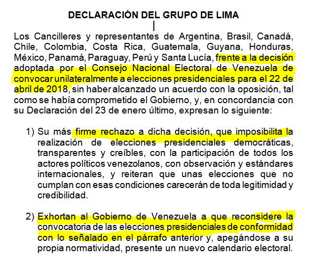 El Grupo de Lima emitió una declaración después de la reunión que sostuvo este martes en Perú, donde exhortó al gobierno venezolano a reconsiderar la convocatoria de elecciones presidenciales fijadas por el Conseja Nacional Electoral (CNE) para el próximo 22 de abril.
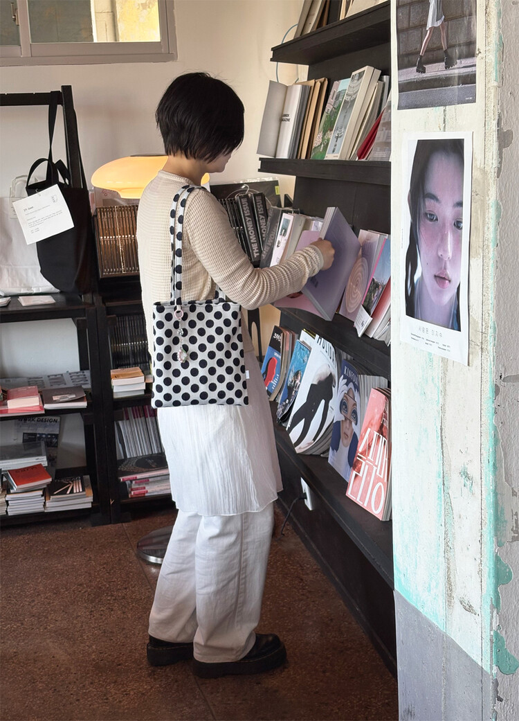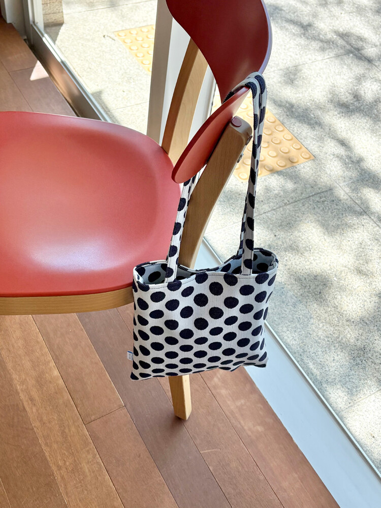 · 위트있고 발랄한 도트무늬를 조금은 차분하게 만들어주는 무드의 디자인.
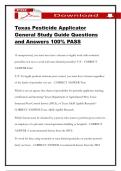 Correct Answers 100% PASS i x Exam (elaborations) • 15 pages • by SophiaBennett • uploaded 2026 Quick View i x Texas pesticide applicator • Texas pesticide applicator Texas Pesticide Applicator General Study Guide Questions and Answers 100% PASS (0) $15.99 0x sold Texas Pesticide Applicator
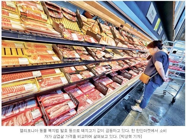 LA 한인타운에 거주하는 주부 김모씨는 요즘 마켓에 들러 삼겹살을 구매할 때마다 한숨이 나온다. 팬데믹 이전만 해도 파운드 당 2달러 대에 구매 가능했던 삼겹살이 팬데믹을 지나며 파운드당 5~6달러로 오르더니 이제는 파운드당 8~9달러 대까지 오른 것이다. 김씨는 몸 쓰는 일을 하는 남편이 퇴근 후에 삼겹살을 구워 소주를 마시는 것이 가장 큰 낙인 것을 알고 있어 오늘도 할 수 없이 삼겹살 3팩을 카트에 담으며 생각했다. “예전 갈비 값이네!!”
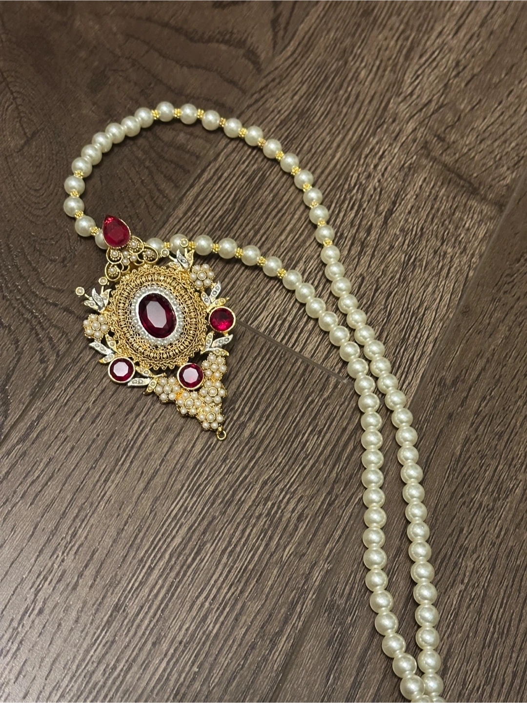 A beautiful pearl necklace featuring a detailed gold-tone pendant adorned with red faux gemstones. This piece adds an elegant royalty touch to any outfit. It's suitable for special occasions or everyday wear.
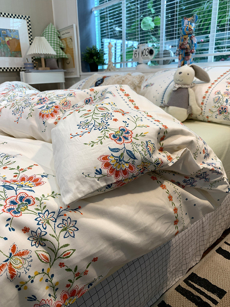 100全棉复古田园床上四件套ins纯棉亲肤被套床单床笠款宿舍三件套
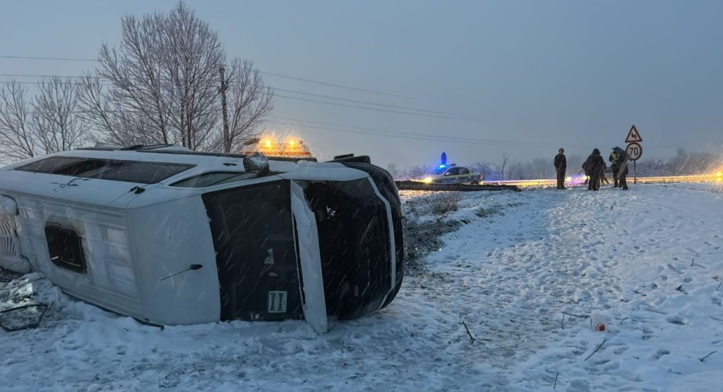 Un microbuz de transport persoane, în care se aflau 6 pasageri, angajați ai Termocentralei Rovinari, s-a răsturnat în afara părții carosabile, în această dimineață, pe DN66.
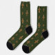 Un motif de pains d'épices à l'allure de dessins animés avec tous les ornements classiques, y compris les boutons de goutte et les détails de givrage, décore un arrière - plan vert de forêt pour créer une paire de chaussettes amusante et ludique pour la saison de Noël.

────────

◆ Goal of the exercise:
Transcribe the lines that run from the line bearing "100全棉复古田园床上四件套ins纯棉亲肤被套床单床笠款宿舍三件套" through the last line of the data. Keep the wording exact and leave out every picture.

◆ Problem solution:
 100全棉复古田园床上四件套ins纯棉亲肤被套床单床笠款宿舍三件套
 Un microbuz de transport persoane, în care se aflau 6 pasageri, angajați ai Termocentralei Rovinari, s-a răsturnat în afara părții carosabile, în această dimineață, pe DN66.
 Un motif de pains d'épices à l'allure de dessins animés avec tous les ornements classiques, y compris les boutons de goutte et les détails de givrage, décore un arrière - plan vert de forêt pour créer une paire de chaussettes amusante et ludique pour la saison de Noël.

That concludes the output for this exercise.